Am nächsten Tag schauen wir uns in Apia um. Morgens regnet es noch und auf vielen Straßen steht knöchelhoch oder sogar höher das Wasser. In Apia gibt es einen Markt zu sehen (für den wir endlich mal pünktlich sind) und auf dem gekühlte Kokosnüsse, Obst und Gemüse und sonstige regionale Lebensmittel angeboten werden. Fleisch und Fisch nicht, denn im Gegensatz zum Markt in Papeete gibt es auf diesem Markt keine Kühltische.
In Apia gibt es außerdem eine große Busstation, wo ehemalige amerikanische Schulbusse bunt bemalt darauf warten, in ihr namensgebendes Dorf zu fahren. Ansonsten steht an Samoas Hafen eine wunderschöne Kirche, die mich nachhaltig beeindruckt, auch wenn ich sie nur von außen gesehen habe. An ihr kommen wir vorbei, als wir zum Cultural Village laufen, wo Samoaner*innen ihr tägliches Leben präsentieren: traditionelle Tänze, Tattoo-Kunst, Kochen und Handwerksarbeiten werden hier ausgestellt und in einer sehr lustigen Präsentation vorgetragen.

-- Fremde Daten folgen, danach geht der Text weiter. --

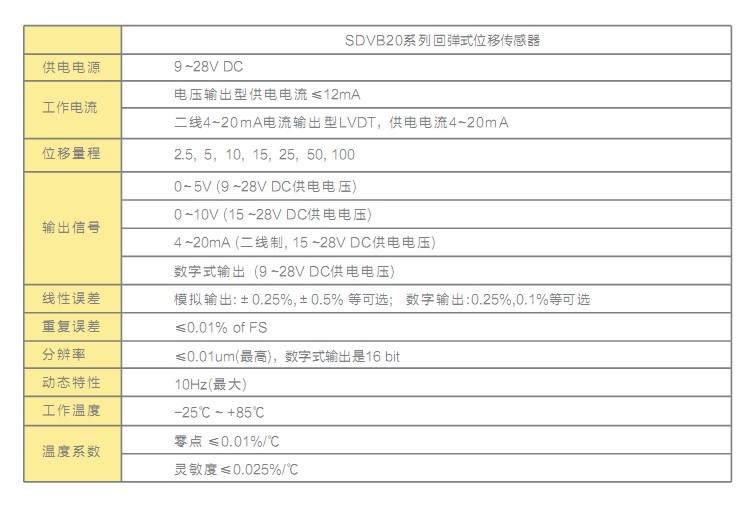 SOWAY SDVB20直流回彈式位移傳感器參數(shù)介紹:

Wir holen wie vorher vereinbart unser Auto bei einem Schweizer Hotelier ab und erwarten einen weiteren Kleinwagen. Stattdessen bekommen wir einen SUV mit Allrad-Antrieb, was sich an diversen Stellen des Straßennetzes als Glücksfall erweist. Für den Mietzeitraum wird uns sogar ein samoanischer Führerschein ausgestellt, denn der internationale Führerschein, den wir natürlich vor Abreise haben ausstellen lassen, wird hier nicht akzeptiert. Tatsächlich kommen wir in eine Polizeikontrolle und müssen das Stück Papier, das wir davor noch so belächelt hatten, vorzeigen.
Samoa besteht aus zwei Hauptinseln und wir fahren zunächst direkt zur Fähre nach Savai’i, die –ein paarmal täglich die knapp 13 Kilometer zwischen den Inseln hinter sich bringt. Auf der Straße zur Unterkunft werden wir von einer Kuhherde aufgehalten, die gerade die Straße überquert.

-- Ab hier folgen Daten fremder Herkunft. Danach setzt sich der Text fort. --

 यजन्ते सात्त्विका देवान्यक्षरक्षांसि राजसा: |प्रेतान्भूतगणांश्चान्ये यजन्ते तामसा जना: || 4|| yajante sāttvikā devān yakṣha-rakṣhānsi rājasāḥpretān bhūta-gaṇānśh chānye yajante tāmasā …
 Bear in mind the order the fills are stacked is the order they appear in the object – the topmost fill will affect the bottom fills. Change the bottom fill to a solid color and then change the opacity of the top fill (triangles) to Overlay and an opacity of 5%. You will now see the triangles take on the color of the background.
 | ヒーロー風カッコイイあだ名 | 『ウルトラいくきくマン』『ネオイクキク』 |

Aufgrund der vergleichsweise niedrigen Preises und in Ermangelung besserer Alternativen übernachten wir für einige Tage in einem Hotel (das sich zwar selbst als Resort bezeichnet, aber so weit würde ich nicht gehen). Unser Zimmer ist eine zum Wasser offene Hütte mit kleiner, überdachter Terrasse. Abends nehmen wir an einer sogenannten Fia Fia Night teil, bei der wir traditionell samoanische Tänze und Gerichte genießen können. Zu unserem Entsetzen werden die Zuschauer mit in die Tänze einbezogen und wir finden uns jeder mit den Samoaner*innen auf der Bühne, wo wir – wie alle anderen Touristen auch – mehr schlecht als recht versuchen, die kompliziert-eleganten Verrenkungen nachzumachen.
Am nächsten Tag umrunden wir die Insel und besuchen einsame Strände im Osten und die Blowholes im Süden der Insel. Hier gibt es kein Riff und die Wellen rollen ungebremst auf die Steinküste zu – durch unterirdische Tunnel schießt dann senkrecht Meerwasser in die Luft, was sehr beeindruckend aussieht und eine beliebte Attraktion ist, auch wenn die (nicht getroffenen) Sicherheitsvorkehrungen dem ein oder anderen Unwohlsein bescheren dürften.
Auf Samoa liegen Sehenswürdigkeiten oft auf dem Land einer Familie oder eines Dorfes, die für die Nutzung bzw. Besichtigung eben dieses einen Obolus erhebt. Oft muss man sich den Weg über das weitläufige Grundstück selbst suchen und im Fall der Blowholes führt nur eine enge sandige Straße in die ungefähre Nähe, sodass man danach mühsam mit tausenden Zügen das große Auto wenden muss.
Beim Fahren über die Insel sammeln wir interessante Eindrücke. Auf Samoa gibt es ein ganz anderes Konzept von Wohnraum und Privatsphäre, als wir es auf den anderen Inseln gesehen haben. Die Häuser sind auf kleinen Pfählen fast kreisförmig gebaut und an den Seiten offen. Innen sind sie mit Matten ausgelegt, ansonsten gibt es kaum Möbel. Das offene Konzept liegt auch im weiter gefassten Familienbegriff in Samoa begründet, wie wir später lesen, aber außerdem bleibt die Hütte so gut durchlüftet.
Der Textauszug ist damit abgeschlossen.